Baudin et al. explore how biological variability is impacted by the various mechanical ventilation regimes when it comes to monitoring breathing patterns in infants requiring machine support (13, 14). Intuitively, machine ventilation algorithms that are most closely attuned to the physiological respiratory pattern produce breathing signals that most closely resemble those of the control infants. Although larger prospective studies are necessary to understand the differential impact of ventilatory modes on cardio-respiratory variability and their effect on clinical outcomes, this study shows the possibility of deploying off- or online tools to quantify the physiological variability in respiration from bedside pediatric data streams. In the long term, this might help to fine-tune the ventilation parameters beyond the current possibilities, accounting for the non-linear nature of respiratory patterns. Again, the theme of how biological variability can be usefully monitored in real time emerges.

Munyaka et al. explore early postnatal maturation of immune regulation as a function of the exposure to gut microbiome (15). The human gut houses up to 1014 bacteria, exceeding by ~10-fold the number of host cells. Microbiome–host immune system interactions appear to have a profound and life-lasting impact on the host’s health status beginning well before the baby is born (16–21). We are faced with the challenge of quantifying microbial diversity in space and time, which approximates at least two of the above “3 Vs” definition of the big data, variety, and volume. Although the previous manuscripts represent intuitive approaches to temporal profiling and pattern analysis of streaming data, embodying all three Vs, current approaches to microbiome analysis need to catch up to the third V (velocity) to provide higher spatiotemporal resolution (microbiome in different organs at various time points). Meanwhile, current studies are cross-sectional in nature, sometimes with multiple sampling of the same cohort over time. They can offer population-level insights into changes in the microbiome due to various exposures, but with low temporal or spatial resolution to gage intra- and interindividual microbial dynamics.

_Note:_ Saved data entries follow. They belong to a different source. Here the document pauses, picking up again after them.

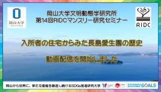 今回、 2022年7月20日(水) にオンライン開催した第14回RIDCマンスリー研究セミナー「入所者の住宅からみた長島愛生園の歴史」(スピーカー:松岡 弘之 岡山大学 学術研究院 社会文化科学学域 講師、パク ミンジョン 岡山大学 学術研究院 環境生命科学学域 特任助教)の録画配信を開始しました。ぜひ皆様にご視聴頂けますと幸いです。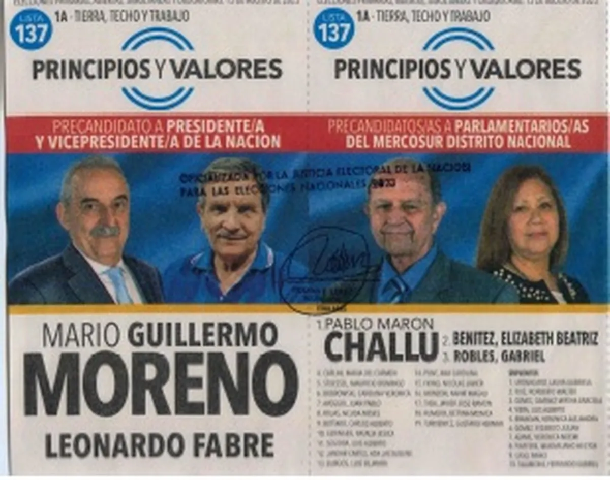 Guillermo Moreno, el reconocido funcionario de Néstor Kirchner, es el precandidato a presidente por el partido Principios y Valores (lista 137). Mientras que Leonardo Fabre es el precandidato a vicepresidente. En Mendoza van con boleta corta.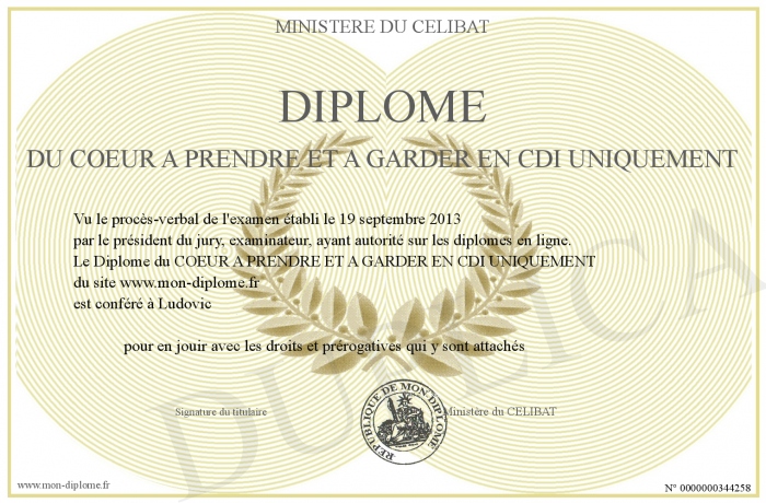 Envoyez par email votre Diplôme du COEUR A PRENDRE ET A GARDER EN CDI UNIQUEMENT personalisé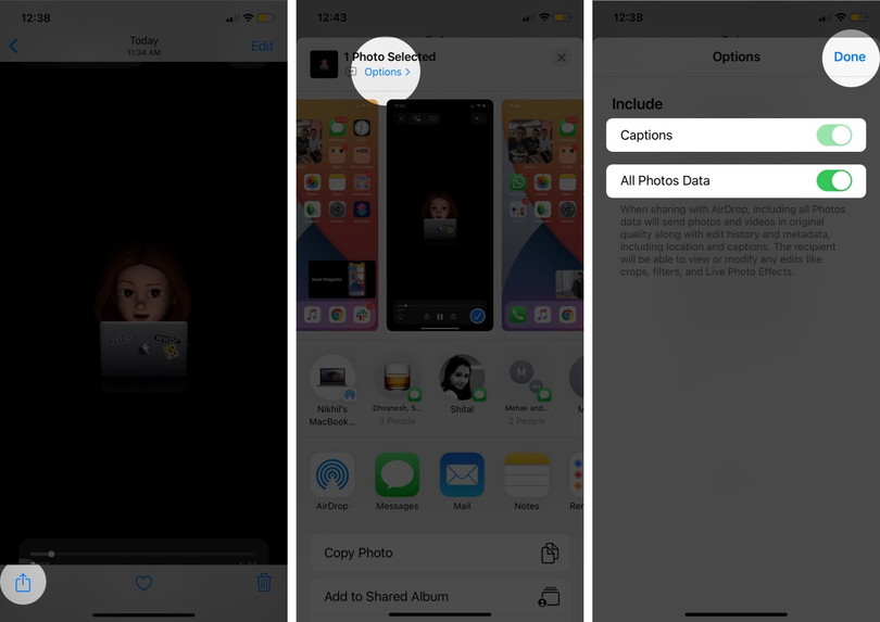 Bạn cũng có thể chia sẻ ảnh kèm chú thích qua AirDrop. Chọn ảnh, bấm nút Share (Chia sẻ), sau đó bấm nút Options (Tùy chọn) ở trên cùng của trang chia sẻ. Tại đây, bạn bật công tắc nằm bên cạnh tùy chọn Captions (Chú thích) và All Photos Data (Tất cả dữ liệu ảnh).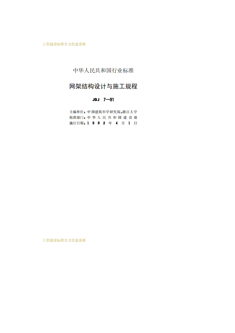 JGJ7-91网架结构设计与施工规程348072@abc4个月前发布关注私信1.65MB73页023JGJ7-91网架结构设计与施工规程此内容为付费资源,请付费后查看¥16¥23黄金会员免费钻石会员免费立即购买您当前未登录!建议登陆后购买,可保存购买订单付费资源 第1页 / 共73页 第2页 / 共73页 试读已结束,还剩71页,您可下载完整版后进行离线阅读 THE END标准规范 文本预览 工程建设标准全文信息系统中华人民共和国行业标准网架结构设计与施工规程JGJ 7-91建标1991北京工程建设标准全文信息系统 查看更多 收起部分 喜欢就支持一下吧收藏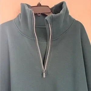 Sweatshirt is in great condition and only worn a few times. The color is Storm Teal and is a green/blue shade. The front has a large pocket. The inside is a fleece and the sweatshirt itself leans more toward the heavier side.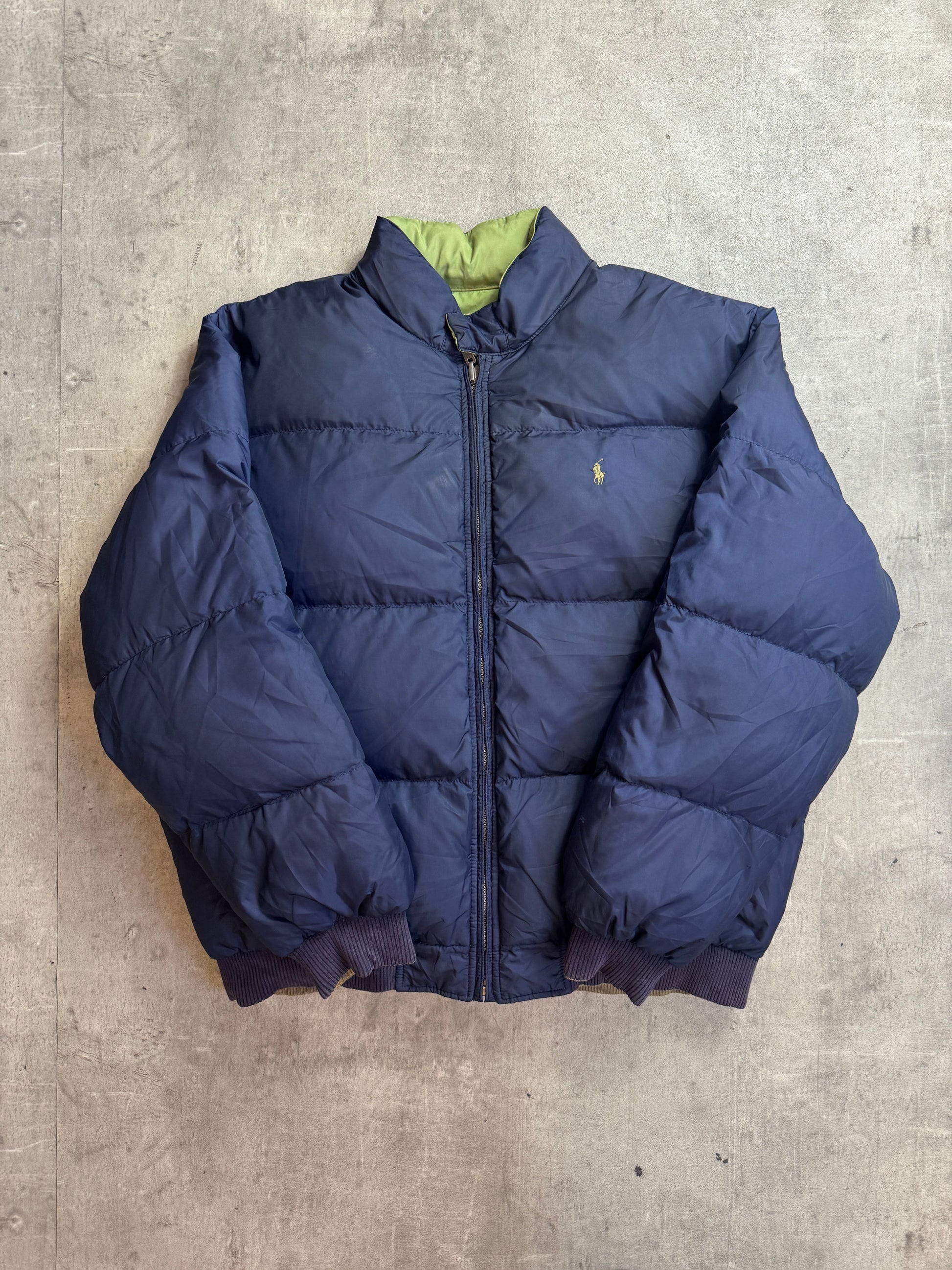 Ralph Lauren Khaki Reversible Poly Navy Lined Down Bomber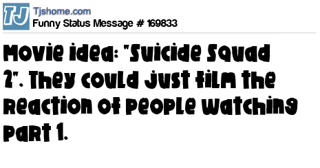 X says Movie idea: "Suicide Squad 2". They could just film the reaction of people watching part 1.

Sorani et al. provided an early proof-of-principle for creation of multivariate pattern recognition within physiological time series commonly acquired in an intensive care unit setting (22). Heat maps in which genes are displayed across the top row and related genes cluster together are commonly used in genetics. In their neurocritical care heat map, Sorani et al. replaced genes by physiological variables that cluster on the basis of association within and across patients into three groups of patients. Surprisingly, intracranial pressure (ICP) and fraction of inspired oxygen were clustered, leading to the identification of previously unrecognized ICP elevations during bedside suctioning. As a perinatal example of unexpected connections, multi-dimensional properties of fHRV encode signatures of inflammation (23–26) or progressive labor acidemia (10, 11, 27) and may relate to EEG parameters (28, 29). Modern machine learning will help to integrate microbiome indices and continuous bedside acquisition of multi-modal data to elucidate clinically relevant patterns and optimize treatment (4, 22). Data intelligence is the next logical step in evolution of health monitoring (2, 3, 30).

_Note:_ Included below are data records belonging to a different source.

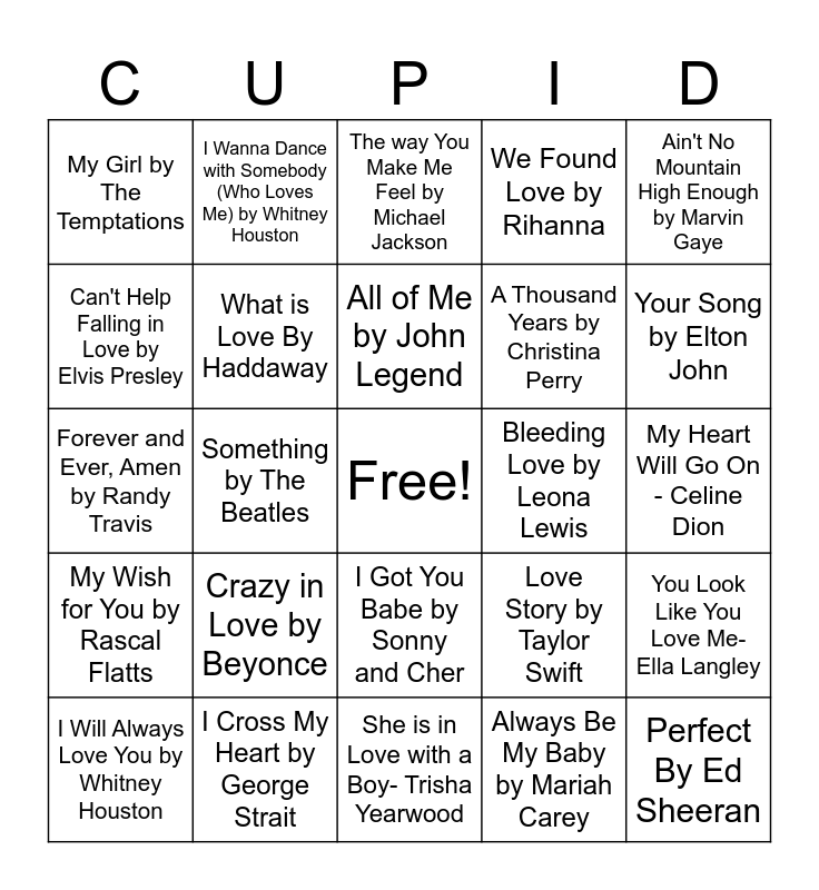 This bingo card has a free space and 24 words: Crazy in Love by Beyonce, I Cross My Heart by George Strait, All of Me by John Legend, I Will Always Love You by Whitney Houston, Ain't No Mountain High Enough by Marvin Gaye, My Girl by The Temptations, Can't Help Falling in Love by Elvis Presley, I Wanna Dance with Somebody (Who Loves Me) by Whitney Houston, Bleeding Love by Leona Lewis, I Got You Babe by Sonny and Cher, A Thousand Years by Christina Perry, Forever and Ever, Amen by Randy Travis, Love Story by Taylor Swift, You Look Like You Love Me- Ella Langley, What is Love By Haddaway, Always Be My Baby by Mariah Carey, My Heart Will Go On - Celine Dion, The way You Make Me Feel by Michael Jackson, Your Song by Elton John, Something by The Beatles, Perfect By Ed Sheeran, My Wish for You by Rascal Flatts, We Found Love by Rihanna and She is in Love with a Boy- Trisha Yearwood.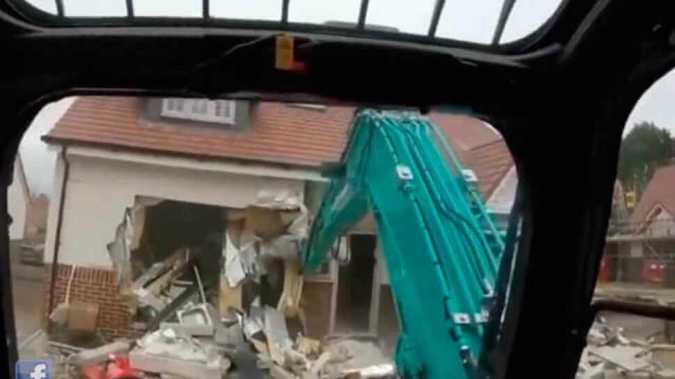 Por esta razón una tarde, mientras todos salieron a tomar un descanso, tomó una grúa y destruyó cinco de las viviendas que se habían construido.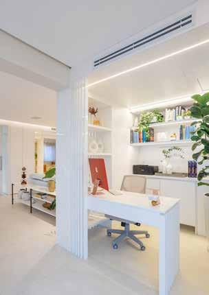 O projeto foi criado com uma proposta minimalista e predominância de tons claros, que proporcionaram leveza. A integração dos ambientes é outro destaque. A sala foi estruturada para atender a momentos de lazer e outros diferentes usos no dia a dia. No espaço da varanda foi criado o cantinho especial do home office, um pedido da cliente para fugir do tradicional escritório fechado e se conectar mais com o ambiente ao redor. O home office está separado da sala apenas pelos painéis em Laca Brilho branca, com efeito vazado. Um painel espelhado organiza sutilmente os acessos do apartamento e do lavabo. Este, em contraste com a base neutra da casa, tem cuba esculpida em mármore com tons quentes.

Focusing machine learning approaches on clinical questions that arise in perinatal medicine is needed as relatively little progress has been made in the past decades in regard to monitoring and translation into clinical practice, with the notable exception of the HeRo score monitors (31, 32). Recent advances in artificial intelligence have brought the vision of data-driven case identification and decision-making closer to reality (33–37).

Conflict of Interest Statement

Martin G. Frasch is a co-inventor of the related patent application entitled “EEG Monitor of Fetal Health” including U.S. Patent Application Serial No. 12/532,874 and CA 2681926 National Stage Entries of PCT/CA08/00580 filed March 28, 2008, with priority to US provisional patent application 60/908,587, filed March 28, 2007. No other conflicts of interest are declared.